Full Unicode Search at 50× ICU Speed with AVX‑512

1. orthoxerox ◴[16 Dec 25 13:17 UTC] No.46288136[source]▶

Is it possible to extend this to support additional transformation rules like Any-Latin;Latin-ASCII? To make it possible to find "Վարդանյան" in a haystack by searching for "vardanyan"?

replies(1): >>46288259 #

2. ashvardanian ◴[16 Dec 25 13:29 UTC] No.46288259[source]▶

>>46288136 (TP) #

Yes — fuzzy and phonetic matching across languages is part of the roadmap. That space is still poorly standardized, so I wanted to start with something widely understood and well-defined (ICU-style transforms) before layering on more advanced behavior.

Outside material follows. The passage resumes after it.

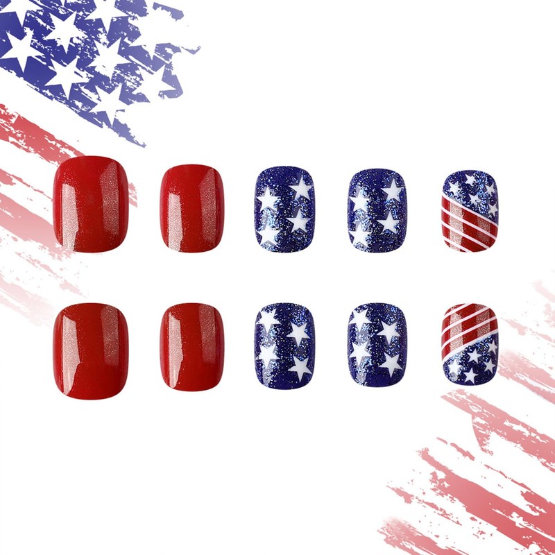 • 4th of July Glue on Nails Kit: Package with 24 pcs short square artificial finger nails, 1 sheets jelly glue stickers, 1pcs nail file, 1pcs wooden stick. 12 sizes fake nails can reusable, suitable for different size of nails

Also, as shown in the later tables, the Armenian and Georgian fast paths still have room for improvement. Before introducing higher-level APIs, I need to tighten the existing Armenian kernel and add a dedicated one for Georgian. It’s not a true bicameral script, but some characters are folding fold targets for older scripts, which currently forces too many fallbacks to the serial path.

replies(1): >>46295355 #

3. janc_ ◴[16 Dec 25 22:14 UTC] No.46295355[source]▶

>>46288259 #

Even when transliteration is somewhat de-facto standardised, it usually is dependent on the target/host language. So e.g. Arabic & Russian are transliterated differently in e.g. English, French, German, Dutch, etc.